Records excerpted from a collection
_ _ _ _
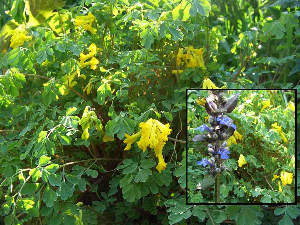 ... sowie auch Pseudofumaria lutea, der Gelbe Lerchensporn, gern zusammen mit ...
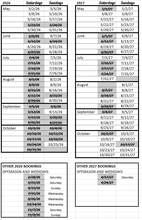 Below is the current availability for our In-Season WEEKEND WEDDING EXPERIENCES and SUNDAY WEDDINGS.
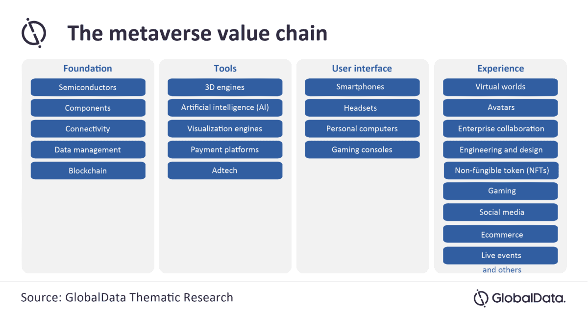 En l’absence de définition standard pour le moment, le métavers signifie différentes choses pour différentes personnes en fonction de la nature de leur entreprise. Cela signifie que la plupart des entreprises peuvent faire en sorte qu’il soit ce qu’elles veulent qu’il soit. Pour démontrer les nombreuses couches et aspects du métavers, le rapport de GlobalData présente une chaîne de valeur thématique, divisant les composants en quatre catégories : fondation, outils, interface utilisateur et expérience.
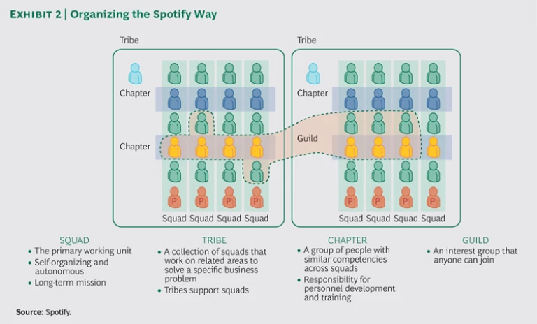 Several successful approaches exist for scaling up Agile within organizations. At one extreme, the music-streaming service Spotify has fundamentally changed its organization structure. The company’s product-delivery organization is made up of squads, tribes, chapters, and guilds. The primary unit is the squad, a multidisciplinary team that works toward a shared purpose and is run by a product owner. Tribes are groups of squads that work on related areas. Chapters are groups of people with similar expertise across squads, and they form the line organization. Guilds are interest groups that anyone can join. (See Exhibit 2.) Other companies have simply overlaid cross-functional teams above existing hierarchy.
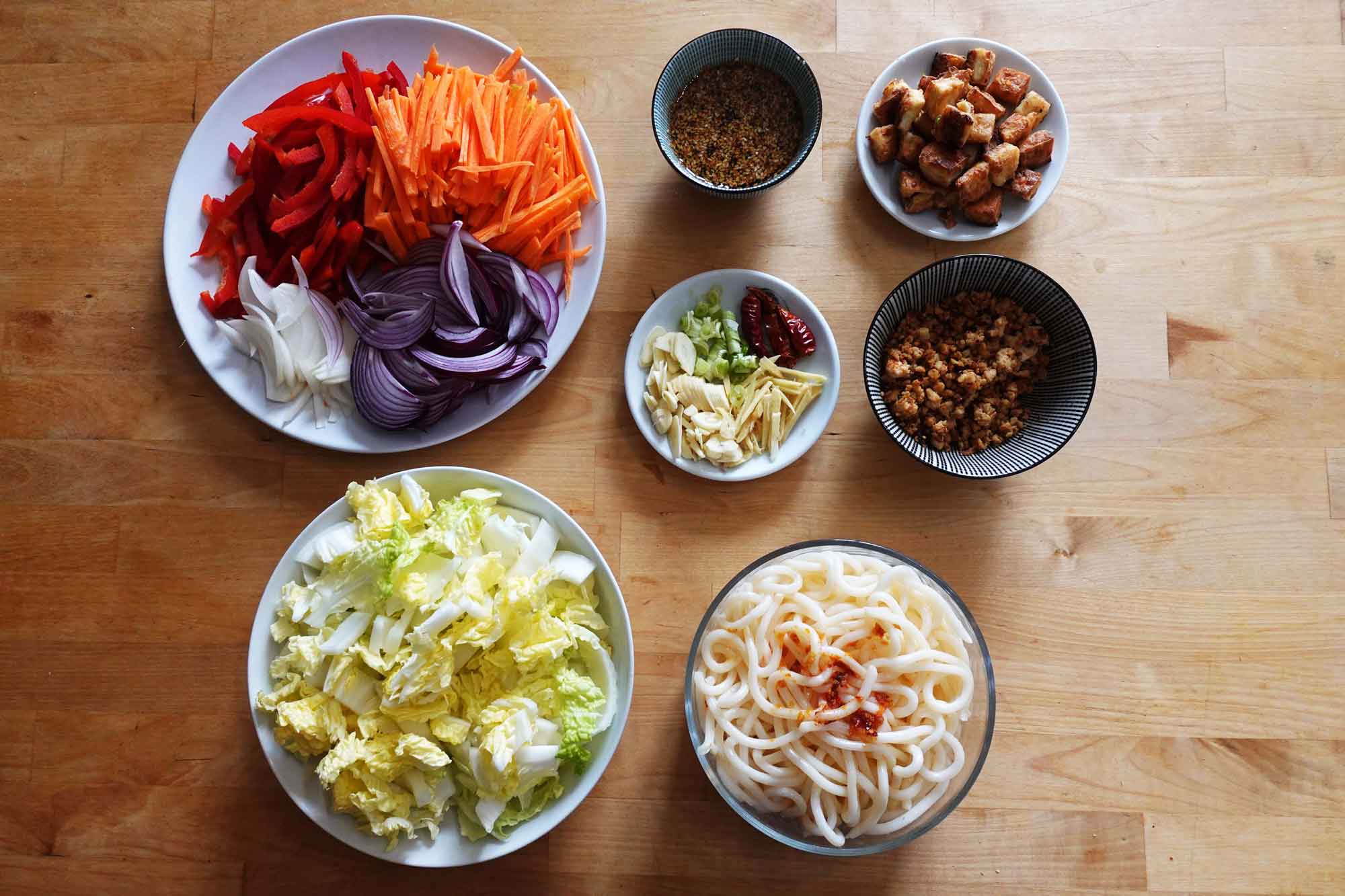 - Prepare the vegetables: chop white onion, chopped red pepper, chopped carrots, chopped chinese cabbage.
_ _ _ _
> **Problem description**
Leave out the pictures and restate, word for word, the lines from the top of the data through the line containing "En l’absence de", both included.

> **Written answer**
 ... sowie auch Pseudofumaria lutea, der Gelbe Lerchensporn, gern zusammen mit ...
 Below is the current availability for our In-Season WEEKEND WEDDING EXPERIENCES and SUNDAY WEDDINGS.
 En l’absence de définition standard pour le moment, le métavers signifie différentes choses pour différentes personnes en fonction de la nature de leur entreprise. Cela signifie que la plupart des entreprises peuvent faire en sorte qu’il soit ce qu’elles veulent qu’il soit. Pour démontrer les nombreuses couches et aspects du métavers, le rapport de GlobalData présente une chaîne de valeur thématique, divisant les composants en quatre catégories : fondation, outils, interface utilisateur et expérience.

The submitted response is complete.